Segera Rafi menyelinap masuk ke dalam kamar Rasti dan menutup pintunya dengan cepat. "Rafi, kamu sedang apa di sini?" tanya Rasti sedikit terkejut saat Alan tiba-tiba masuk.

"Sshhh!" Rafi membungkam mulut Rasti agar tidak berisik. "Ras, gue tahu lo butuh kehangatan, kan? Tapi, Reno kayaknya lagi males. Gue butuh Elo, Ras. Please!" mohon Rafi agar Rasti jangan marah padanya dan mengadu pada sahabatnya.

Rasti membuka bekapan tangan Rafi dari mulutnya dengan paksa. "Ya elah, Raf. Gitu aja ribet, kamu mau? Ya udah, ayo!" Rasti tersenyum menatap sahabat dari kekasihnya itu yang terlihat tertegun.

Rafi melongo, tak menyangka Rasti mau dan tidak masalah jika dia dan dirinya melakukan itu di belakang Reno. Dengan senyum nakal Rafi pun mulai melepas dan menanggalkan seluruh pakaiannya.

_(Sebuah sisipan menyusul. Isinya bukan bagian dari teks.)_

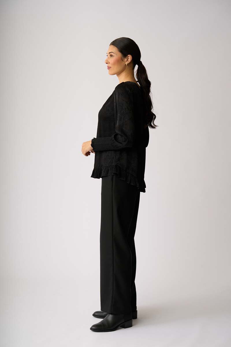 The Oh Three Shirred Cuff Scoop Hem Top is an easy, throw-on style with a soft drape and subtle texture. Relaxed yet refined, it works just as well with denim as it does tailored pants.

Rasti juga merasa langsung turn on saat melihat bentuk tubuh Rafi yang tak kalah seksi dengan kekasihnya.

Mereka bisik-bisik dan menyuruh Rafi untuk mengintip Reno di ruang tamu, Rafi mengintip ternyata Reno belum kembali dari kamar kecil. "Gimana?" lirih Rasti.

"Aman," jawab Rafi lirih juga seraya mengangkat jempolnya, senyum girang.

Rasti tersenyum, dan Rafi dengan sangat tergesa-gesa membantu Rasti membuka seluruh pakaian yang membalut tubuh indah gadis itu. Setelahnya mereka saling menyentuh, dan mencumbu.

Keduanya pun melakukan perbuatan terlarang itu di tempat yang tidak seharusnya, dan di belakang Reno yang kini masih di kamar kecil.